*Task to complete*:
Pull out the lines from the one containing "В номере для" through the final line of the listing below and repeat them exactly. Leave the pictures behind.

*Data shown*:

+ + +

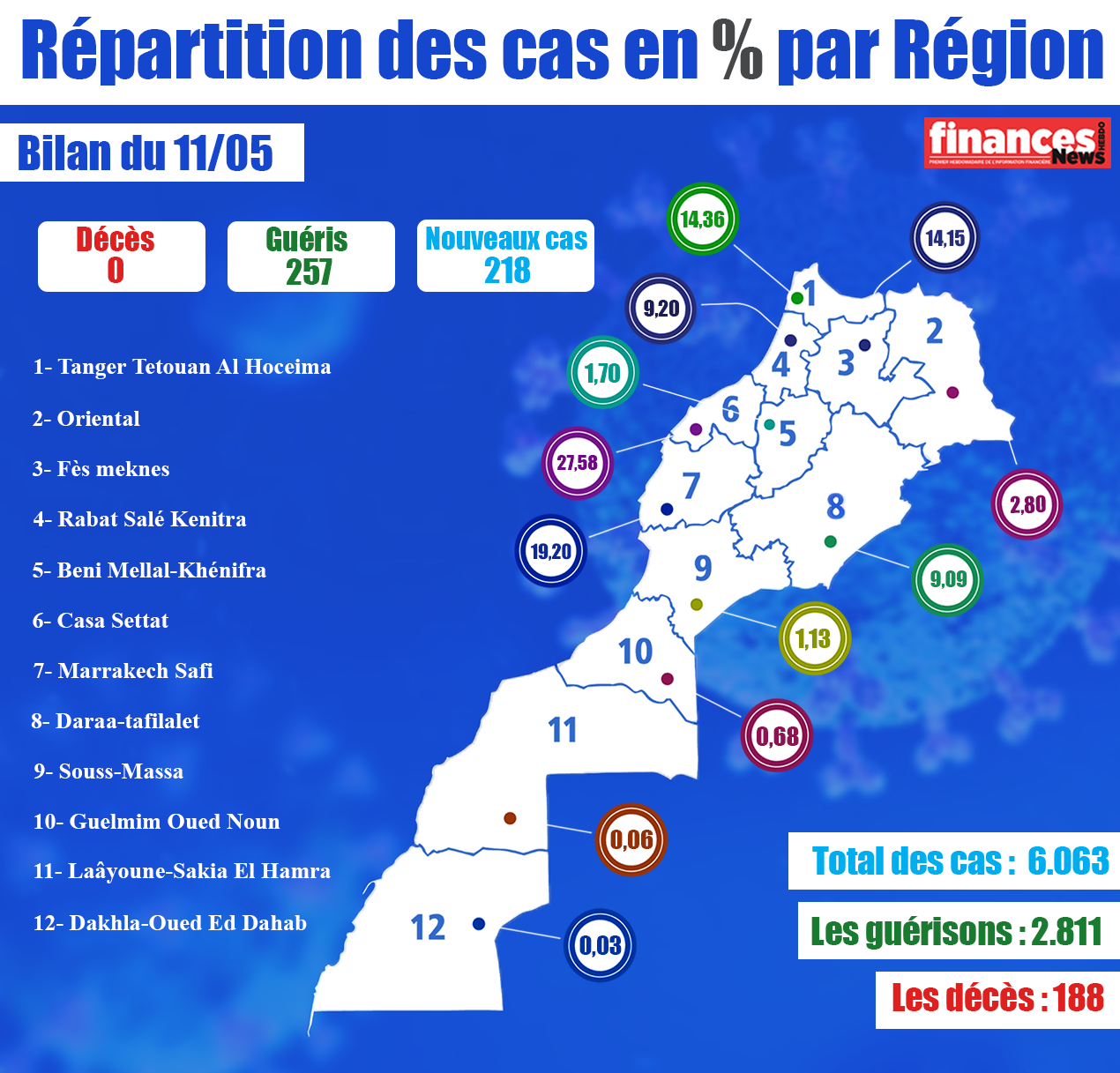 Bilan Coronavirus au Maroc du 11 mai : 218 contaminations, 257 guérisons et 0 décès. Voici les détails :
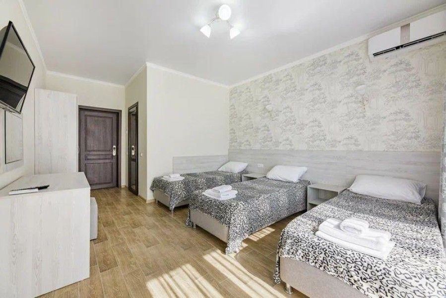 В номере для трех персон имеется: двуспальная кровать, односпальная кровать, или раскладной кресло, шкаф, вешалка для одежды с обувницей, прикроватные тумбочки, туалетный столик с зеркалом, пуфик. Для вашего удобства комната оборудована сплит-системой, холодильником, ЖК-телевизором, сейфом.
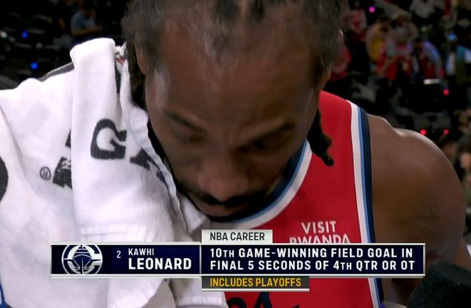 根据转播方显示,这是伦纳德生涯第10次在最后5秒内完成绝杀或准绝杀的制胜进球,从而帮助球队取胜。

+ + +

*Answer to this exercise*:
 В номере для трех персон имеется: двуспальная кровать, односпальная кровать, или раскладной кресло, шкаф, вешалка для одежды с обувницей, прикроватные тумбочки, туалетный столик с зеркалом, пуфик. Для вашего удобства комната оборудована сплит-системой, холодильником, ЖК-телевизором, сейфом.
 根据转播方显示,这是伦纳德生涯第10次在最后5秒内完成绝杀或准绝杀的制胜进球,从而帮助球队取胜。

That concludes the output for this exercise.